Selling to satisfy the maxim ignores other ramifications. There are associated costs with the sale and the repurchase later on of the desired stocks. We do like taking gains at this time of year if the stocks are at or above our initial sell targets. We also feel that this period is a good time to take tax losses. But for the rest of our portfolio, it is normally the time to delight in inertia, incur zero fees and hope that our positions will move in a positive manner.
Instead of Sell in May and go away, we suggest "Don't Buy in May and Go Away". Then sit on the cash, grab slim returns via GICs or their ilk and have the funds waiting for upcoming opportunities as markets and stocks ripen.
Now, what to do with money on the sidelines? When Benj appears on BNN's Market Call at this time of year, his third top pick is often cash, in order to have some ammunition ready for when bargains appear later in the year. Since we are investing in turnarounds, often that is when tax loss season is in full swing. That patience often helps lead us to outsized returns, both in the short and long term. The former is when the Santa Claus rally arrives. Longer term is when the stock moves upward.
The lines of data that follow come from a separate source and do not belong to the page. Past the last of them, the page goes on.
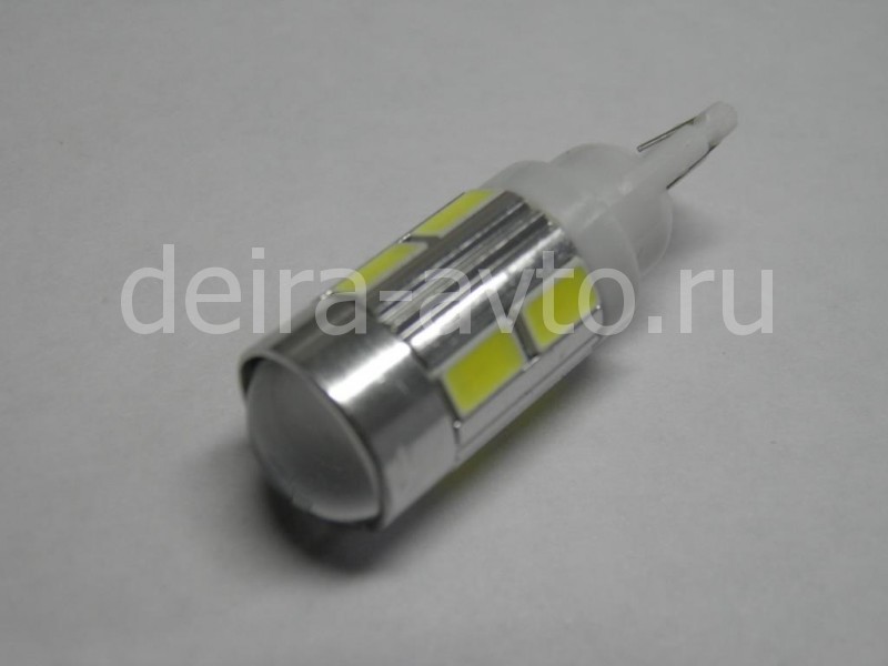 ЛАМПА СВЕТОДИОДНАЯ T10 10SMD ЛИНЗА БЕЛАЯ (1628)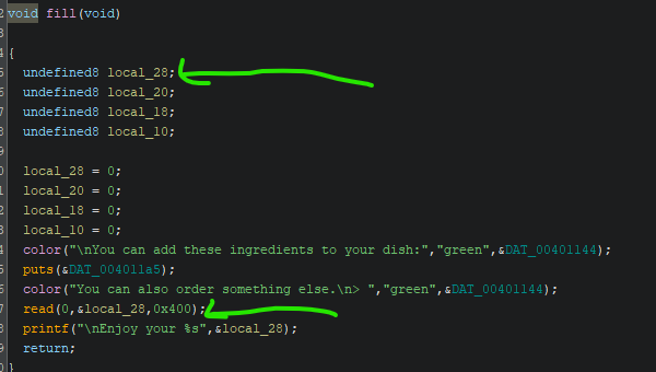 Now looking at functions and how the binary executes, it is a fairly simple binary. Important parts are when the binary takes input from user, these are the places that could have a vulnerability we can utilize. Going through functions main, fill, drink, color in ghidra decompiled view, I can see a critical issue in fill function: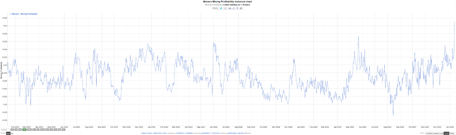 An interesting episode must be mentioned: In September, the Qubic project claimed to control over 51% of the total XMR network hash rate and conducted a "demonstrative attack," leading to a chain reorganization of up to 18 blocks on the XMR network. This event sounded the alarm for the community, prompting many miners to migrate their hash power to the established mining pool SupportXMR. This incident was a major reason for the drastic fluctuations in mining difficulty at the end of 2025, but it also indirectly confirmed the activity and resilience of the hash power market.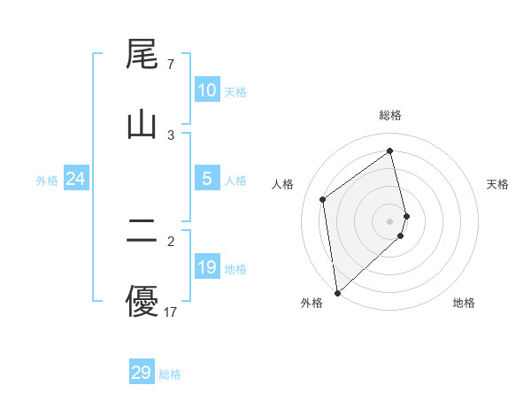 尾山 二優さんの総格は29画の4点!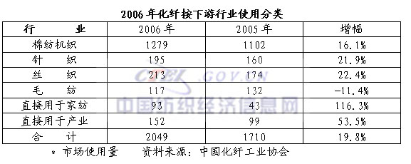 2006年化纤用于家纺93万吨,增幅116%,用于产业152万吨,增幅53.5%,均高于棉纺、针织、丝织、毛纺的增幅,这种情况自2001年起,已持续5年。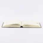The book has the same thread-stitch binding as a dictionary, allowing it to lay flat open for comfortable writing. It stays flat even if you don’t hold it down.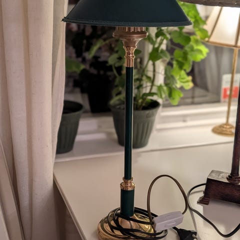 En gammal strålkastare från försvaret. Märke Eisemann, ombyggd till 220 el, med två knapplägen. Dock har den slutat fungera , men den som är händig vet säkert hur man kan få igång den . Annars en rolig och udda antik inredningspryl inköpt på Antikaffär.

When considering a trade, one thing we look for is an annual pattern. Certain companies have a seasonal flow when revenues and profitability are greater, which is reflected in the stock price. This is something we attempt to take advantage of, but as with many methodologies, it's far from perfect.
Ultimately all of these techniques are aimed at market timing, which is often derided, but we believe should be a vital component of an investor's toolbox.